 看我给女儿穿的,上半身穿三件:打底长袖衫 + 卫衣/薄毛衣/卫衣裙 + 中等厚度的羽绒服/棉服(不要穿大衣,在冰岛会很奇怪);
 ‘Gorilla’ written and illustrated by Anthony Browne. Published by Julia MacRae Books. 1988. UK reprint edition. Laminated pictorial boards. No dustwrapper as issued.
☆ ☆ ☆ ☆ ☆ ☆ ☆
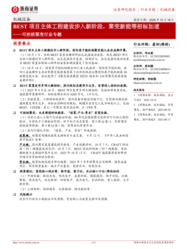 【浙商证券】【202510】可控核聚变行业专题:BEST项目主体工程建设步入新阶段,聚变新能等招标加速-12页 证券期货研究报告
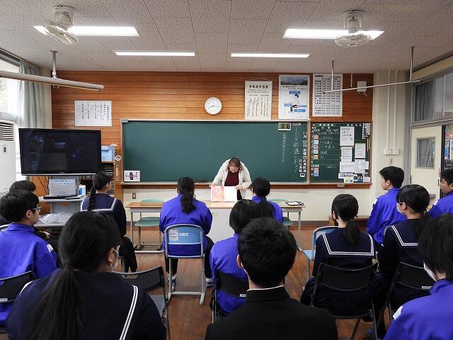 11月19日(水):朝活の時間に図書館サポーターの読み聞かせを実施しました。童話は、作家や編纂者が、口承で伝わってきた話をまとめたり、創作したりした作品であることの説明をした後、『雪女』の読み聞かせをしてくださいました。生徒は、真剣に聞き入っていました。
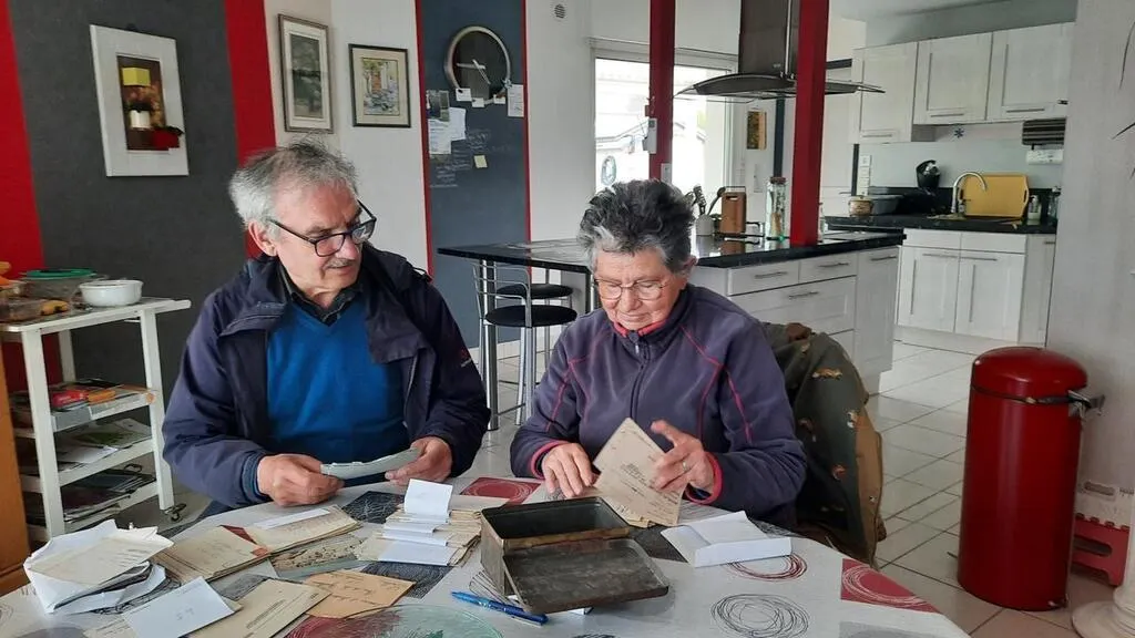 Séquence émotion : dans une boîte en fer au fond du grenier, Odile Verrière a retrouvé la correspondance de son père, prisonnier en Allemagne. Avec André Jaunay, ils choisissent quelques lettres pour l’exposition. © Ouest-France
☆ ☆ ☆ ☆ ☆ ☆ ☆
### WHAT TO PRODUCE:
Leaving out each picture, repeat exactly the lines above from the one that contains "11月19日(水):朝活の時" through the one that contains "Séquence émotion : dans".

### RESULT OF THIS EXERCISE:
 11月19日(水):朝活の時間に図書館サポーターの読み聞かせを実施しました。童話は、作家や編纂者が、口承で伝わってきた話をまとめたり、創作したりした作品であることの説明をした後、『雪女』の読み聞かせをしてくださいました。生徒は、真剣に聞き入っていました。
 Séquence émotion : dans une boîte en fer au fond du grenier, Odile Verrière a retrouvé la correspondance de son père, prisonnier en Allemagne. Avec André Jaunay, ils choisissent quelques lettres pour l’exposition. © Ouest-France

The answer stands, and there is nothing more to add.